PROBLEM DETAILS ▸
Only an exact copy is wanted: the lines from the one holding "Al aplicar sobre" through the last line below, minus the pictures.

RECORDS SHOWN ▸
◇ ◇ ◇ ◇ ◇

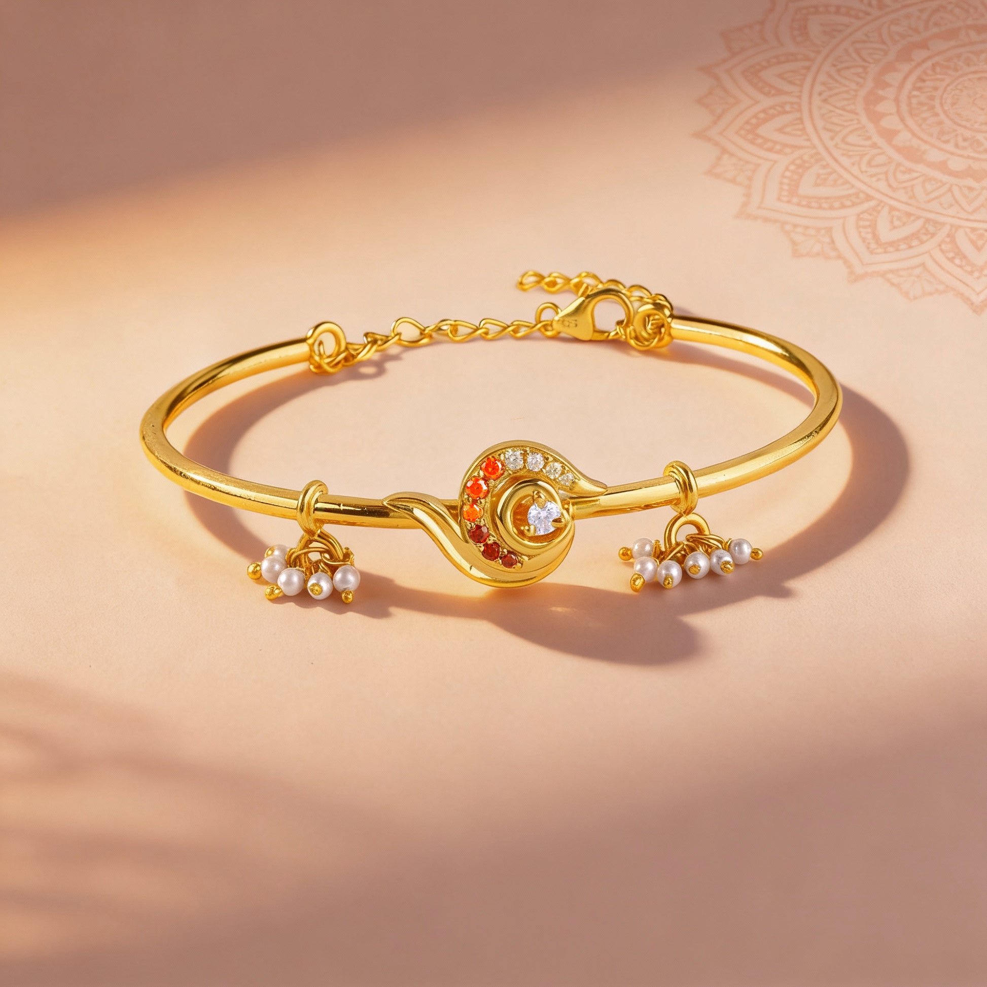 A traditional golden bracelet with a soft, graceful shine that suits every moment, from family gatherings to your 9-to-5. It features a central spiral motif set with coloured stones and dangling clusters of small pearls enhance the ends of the motif.
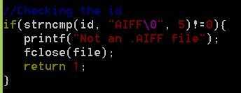 – Leer los siguiente cuatro bytes. Nota: Consulte el paso 3. Nota: Después de leer estos bytes puede comprobar si el formato de archivo es realmente .aiff o no (véase el cuadro arriba).
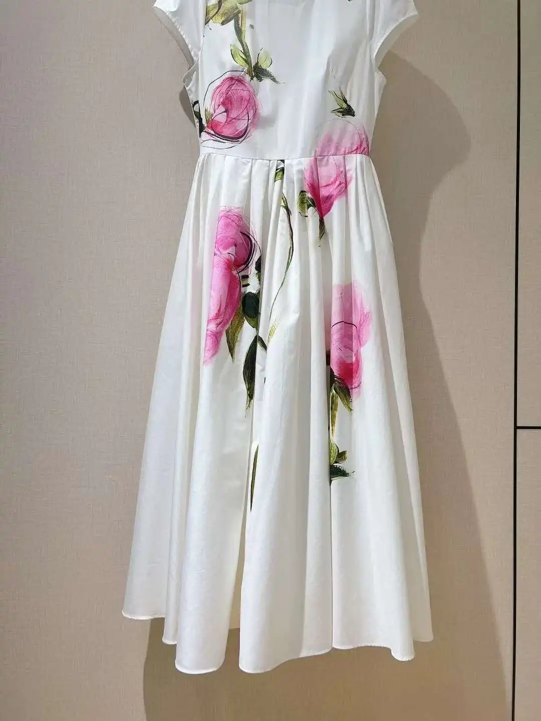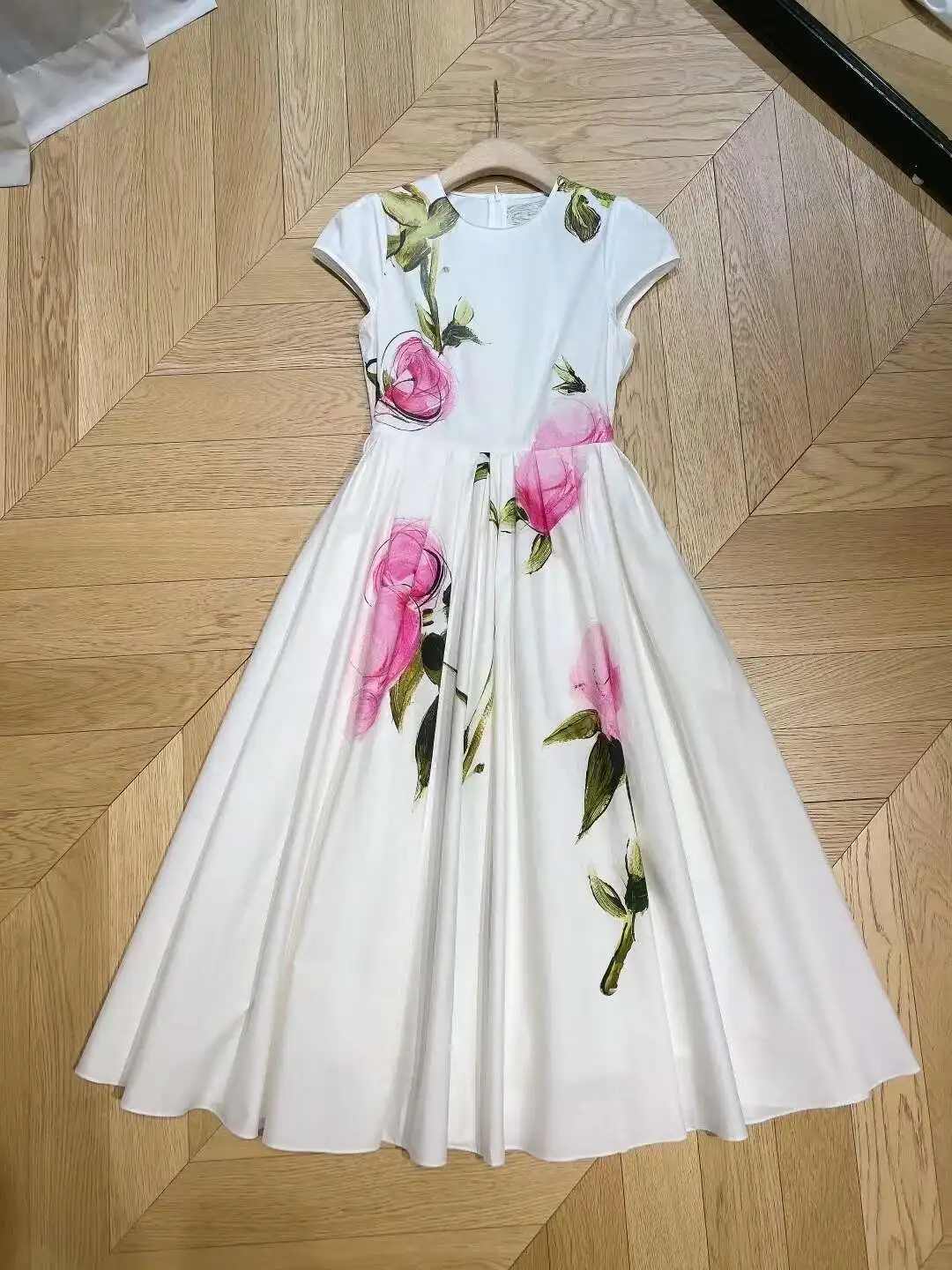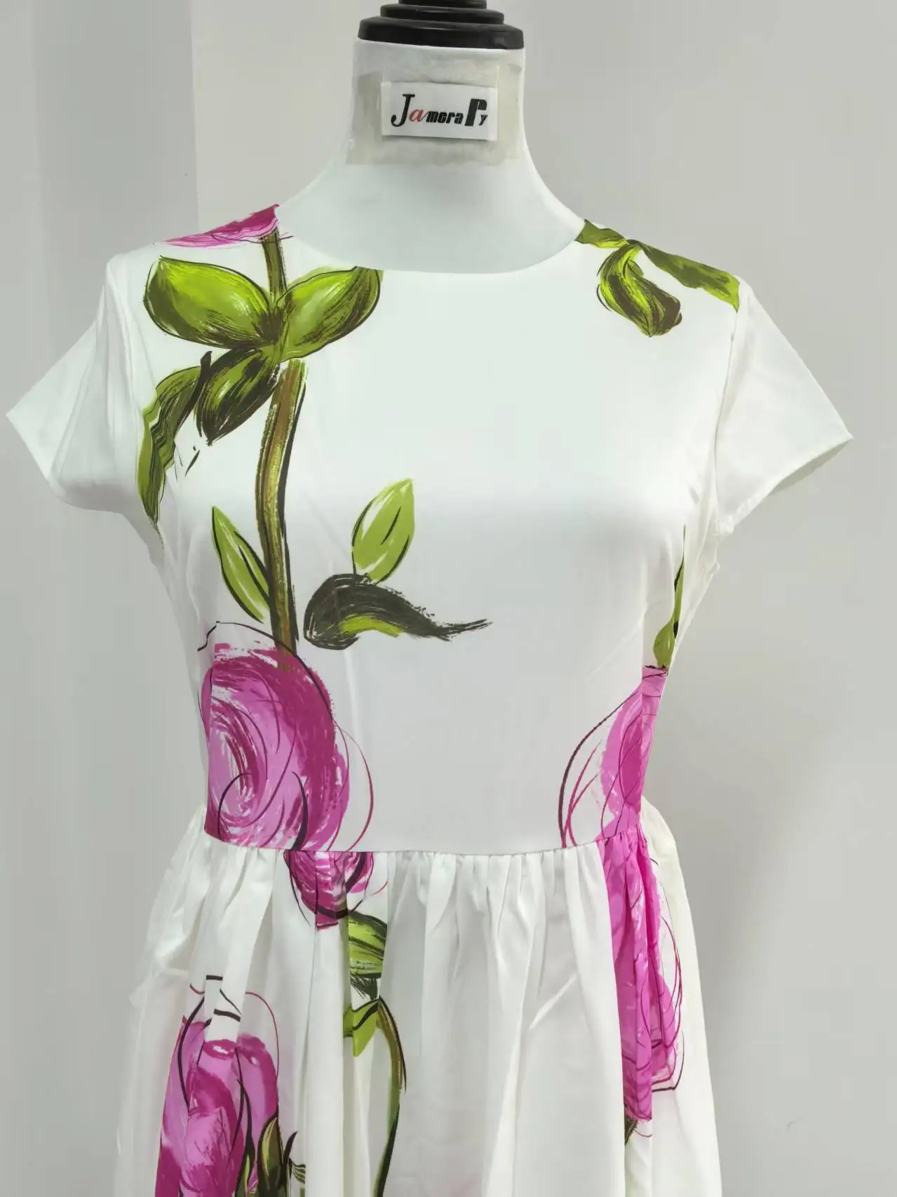 4 reviews for Abiti lunghi bianchi floreali eleganti Abito longuette in raso da sera con maniche corte stampato a maniche corte per le vacanze estive da donna
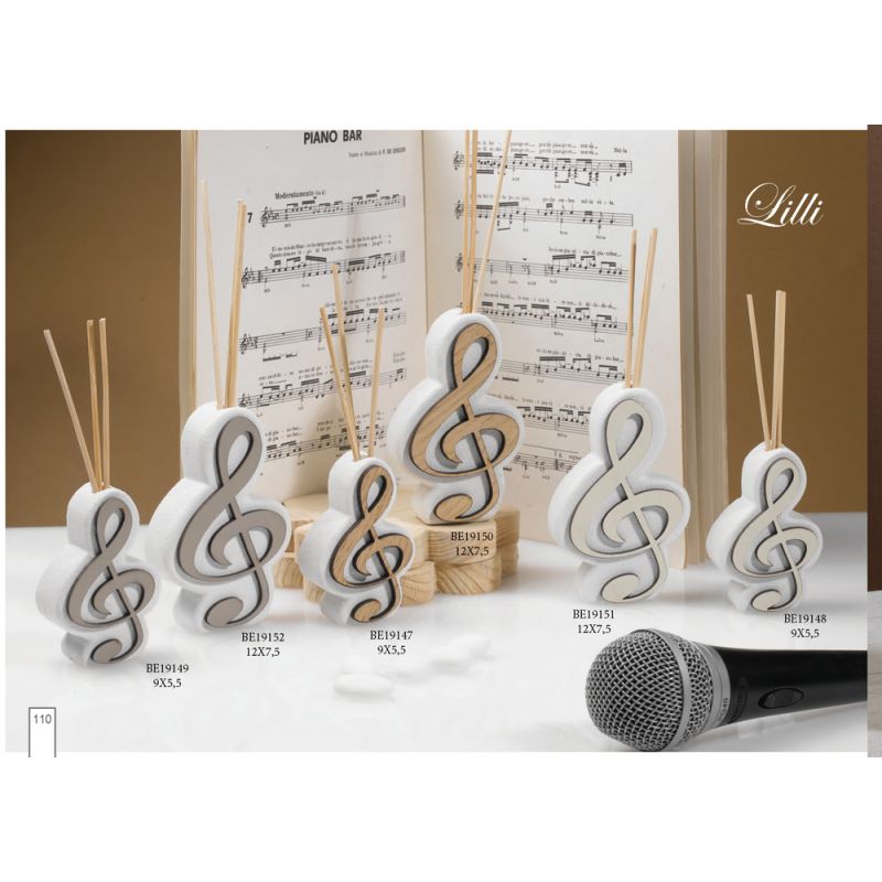 Profumatori per ambienti bomboniere a forma di chiavi di violino, in resina e polvere di marmo bianca e legno.
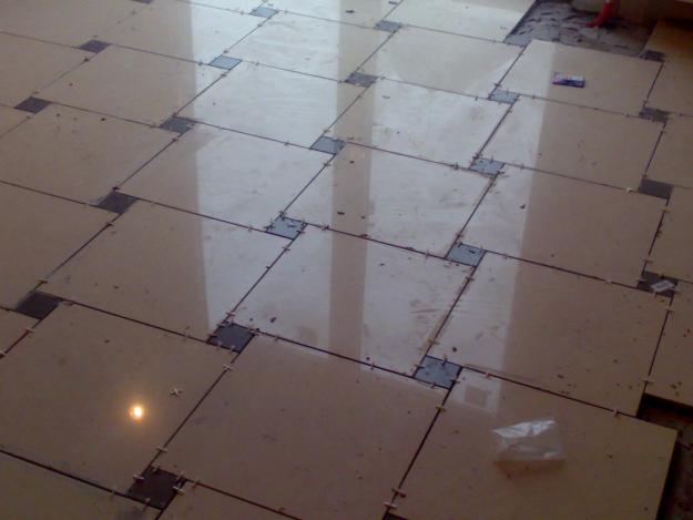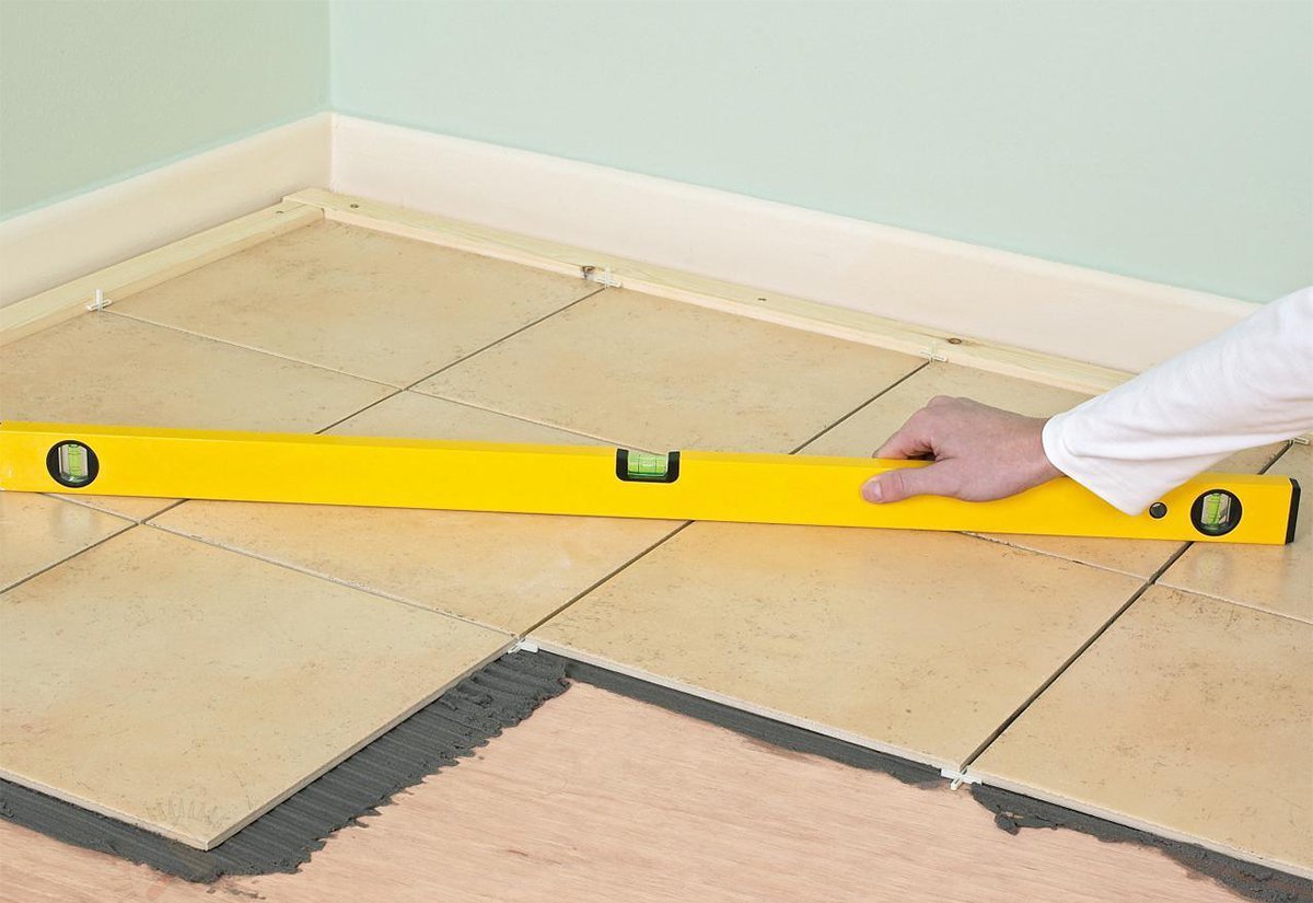 Al aplicar sobre una capa de solución de construcción, verifique cada instancia colocada con un indicador de nivel. Usa tu puño o un mazo de goma para golpearlo si es necesario.
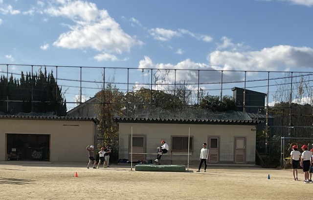 1組は、運動場で高跳びをしました。

◇ ◇ ◇ ◇ ◇

WRITTEN ANSWER ▸
 Al aplicar sobre una capa de solución de construcción, verifique cada instancia colocada con un indicador de nivel. Usa tu puño o un mazo de goma para golpearlo si es necesario.
 1組は、運動場で高跳びをしました。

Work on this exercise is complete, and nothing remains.